Binomial distribution: `$P(Y=y)=\begin{pmatrix} n \\ y \end{pmatrix}\pi^y(1-\pi)^{n-y}$`

- `$y$` is the # of live births from `$n$` implanted embryos

- `$\pi=0.35$` is the probability of a live birth

- If we implant just 1 embryo, `$n=1$`. If we implant two embryos, `$n=2$`. Medical societies (e.g., American Society for Reproductive Medicine) have guidelines on the number of embryos to implant, ranging from 1-5, depending on embryo quality and the mother's age*.

- We can use the binomial distribution to find `$P(Y \geq 1)$` and `$P(Y>2)$` for `$n=1,2,3,4,5$`

`$^*$` So technically, `$\pi$` depends on embryo quality and the mother's age. We'll learn how to accommodate this formally when we study logistic regression models; we ignore it for now.

---

Binomial distribution: `$P(Y=y)=\begin{pmatrix} n \\ y \end{pmatrix}\pi^y(1-\pi)^{n-y}$`

- Quick trick: `$P(Y \geq 1) = 1-P(Y=0)$` (you either have no live births, or one or more live births)

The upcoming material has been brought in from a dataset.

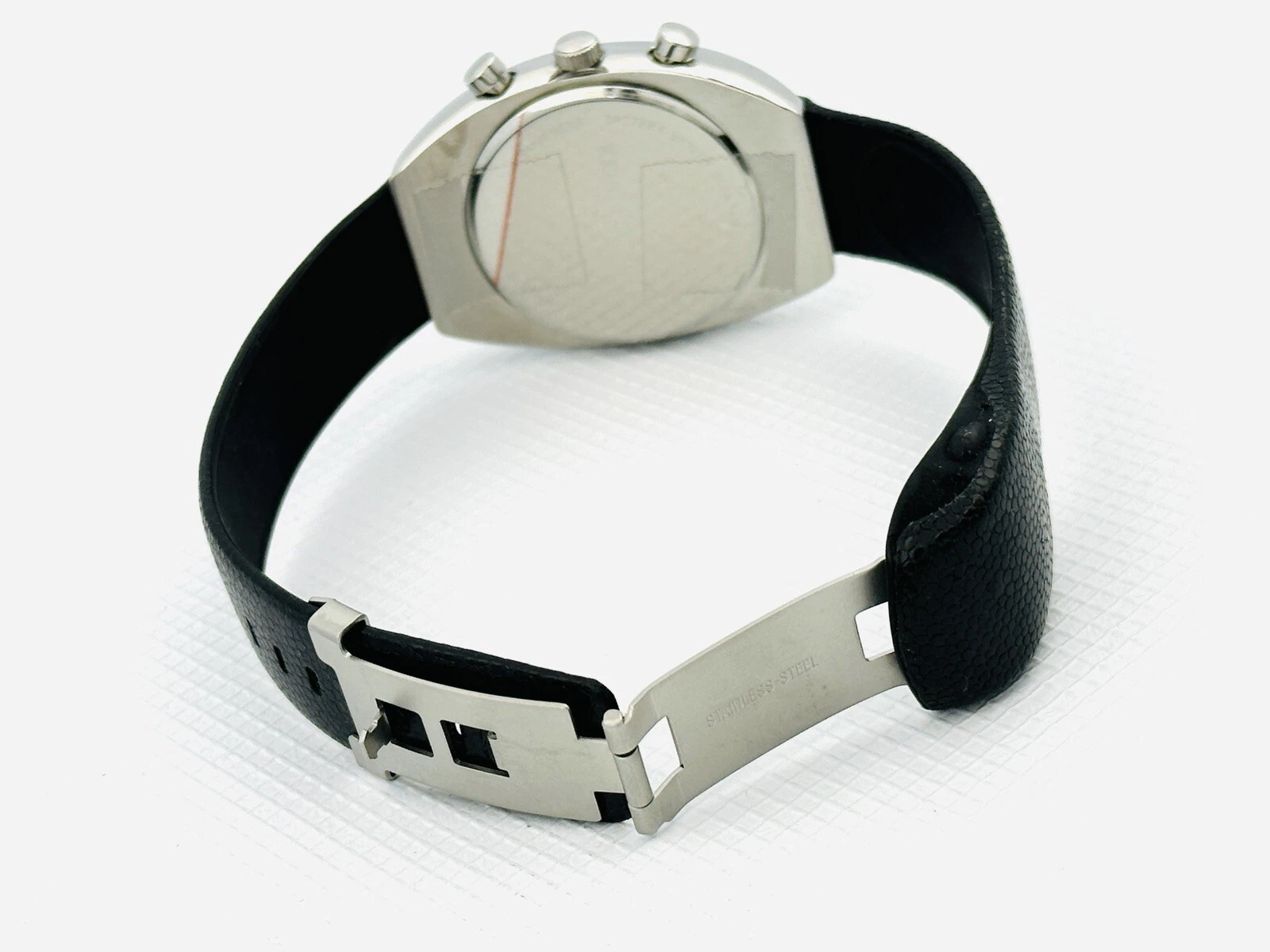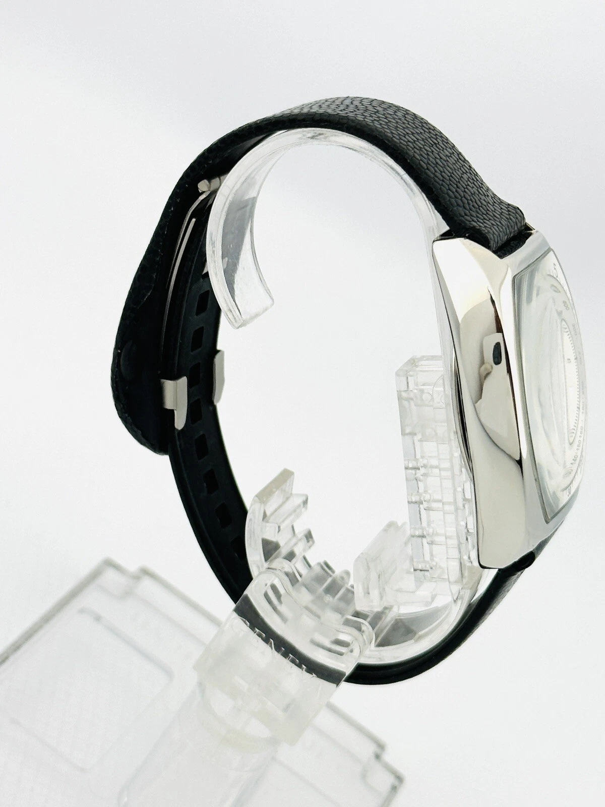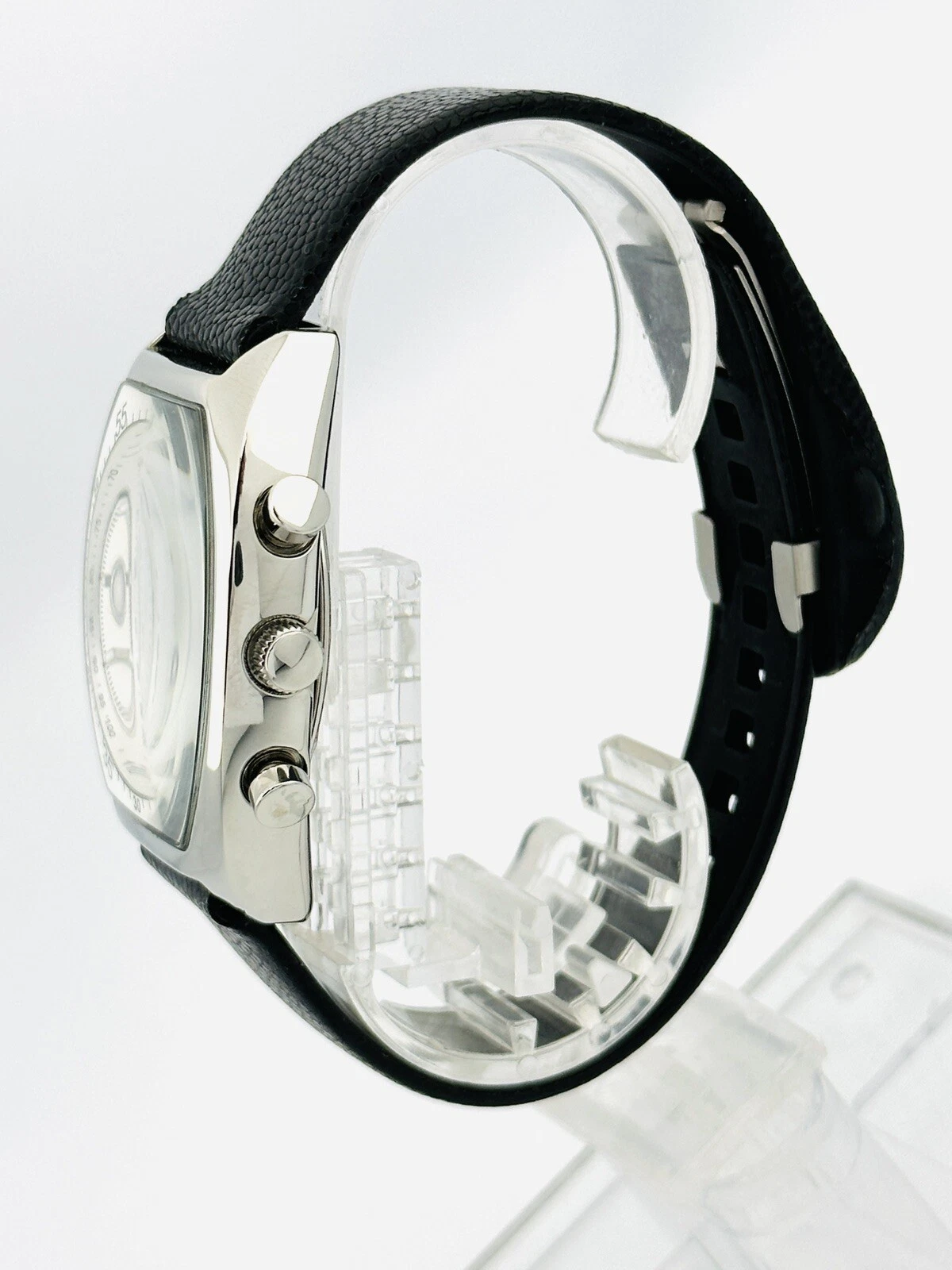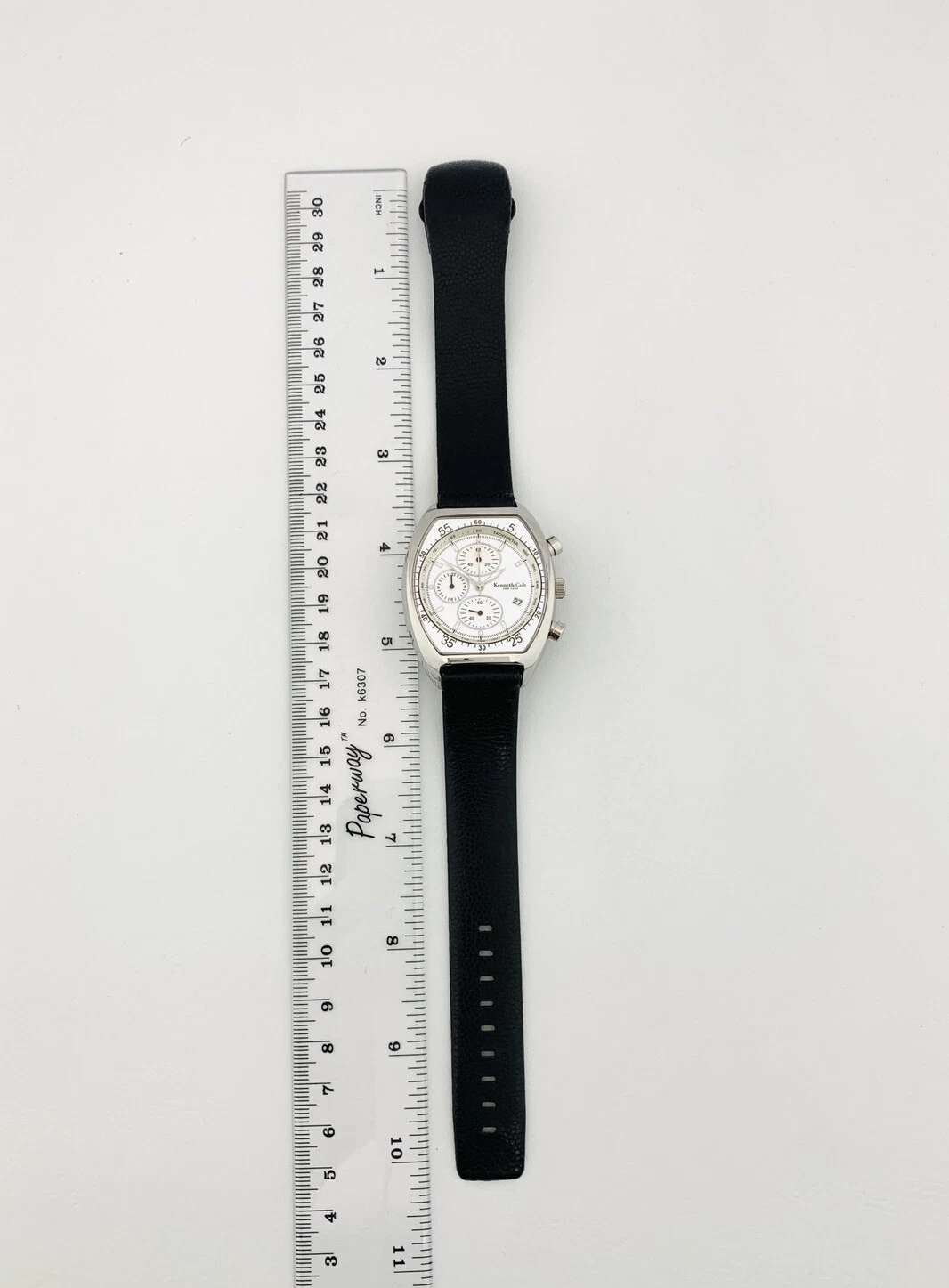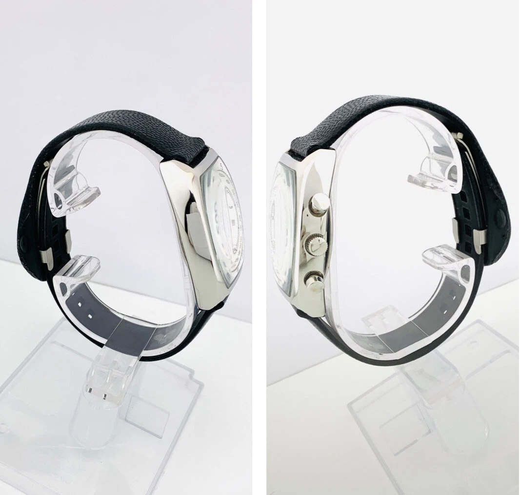 Kenneth Cole KC1207 Tonneau Barrel ChunkyCase Silver White Dial Black StrapWatch

- Similarly, `$P(Y>2)=1-P(Y=0)-P(Y=1)-P(Y=2)$` if needed

- In the easy case in which `$n=1$`, `$P(Y \geq 1)=0.35$` and `$P(Y>2)=0$`*

*OK, not quite, as it is still possible for a single implanted embryo to divide, yielding twins, but we'll assume that isn't happening for now, as it's not terribly common.

---

Binomial distribution: `$P(Y=y)=\begin{pmatrix} n \\ y \end{pmatrix}0.35^y(1-0.35)^{n-y}$`

More generally,

`$$\begin{aligned}
P(Y \geq 1) & =1-P(Y=0)=1-\begin{pmatrix}n \\ 0 \end{pmatrix} 0.35^0 (0.65)^{n-0}=1-0.65^n \\
 P(Y>2) & = 1-P(Y=0)-P(Y=1)-P(Y=2) \\ 
 & = 1 - 0.65^n - \begin{pmatrix} n \\ 1 \end{pmatrix}0.35^1(0.65)^{n-1} - \begin{pmatrix} n \\ 2 \end{pmatrix}0.35^2(0.65)^{n-2} \\
 & = 1 - 0.65^n - n(0.35)(0.65)^{n-1} - \frac{n!}{2!(n-2)!}0.35^2(0.65)^{n-2} \\
 & = 1 - 0.65^n - n(0.35)(0.65)^{n-1} - \frac{n(n-1)}{2}0.35^2(0.65)^{n-2} \end{aligned}$$`

---

Thus we have

- `$P(Y\geq 1)=1-0.65^n$`
- `$P(Y > 2)=1 - 0.65^n - n(0.35)(0.65)^{n-1} - \frac{n(n-1)}{2}0.35^2(0.65)^{n-2}$`

If `$n=5$`, then we have

- `$P(Y\geq 1)=1-0.65^5=0.88$` (good chance of a baby!)
- `$P(Y > 2)=1 - 0.65^5 - 5(0.35)(0.65)^{5-1} - \frac{5(4)}{2}0.35^2(0.65)^{5-2}=0.24$` (good chance of lots o' babies!)

---

Binomial distribution: `$P(Y=y)=\begin{pmatrix} n \\ y \end{pmatrix}0.35^y(1-0.35)^{n-y}$`

| Embryos implanted (n) | P(at least 1 baby) | P(>2 babies) |
|:-------:|:-------:|:-------:|
| 1 | 0.35 | 0 |
| 2 | 0.58 | 0 |
| 3 | 0.73 | 0.04 |
| 4 | 0.82 | 0.13 |
| 5 | 0.88 | 0.24|

Using this table of probabilities, and keeping in mind our criteria, how many embryos would you implant, and why?

---

R has built-in functions for computing binomial probabilities that can save you a lot of work (especially when `$n$` is large)

For the last row of the table on the prior slide, `$n=5$` and `$\pi=0.35$`. The probability of at least one baby, `$P(Y \geq 1)=1-P(Y=0)$` can be calculated using in R the code *1-dbinom(0,5,0.35)*, which yields the value 0.8839709.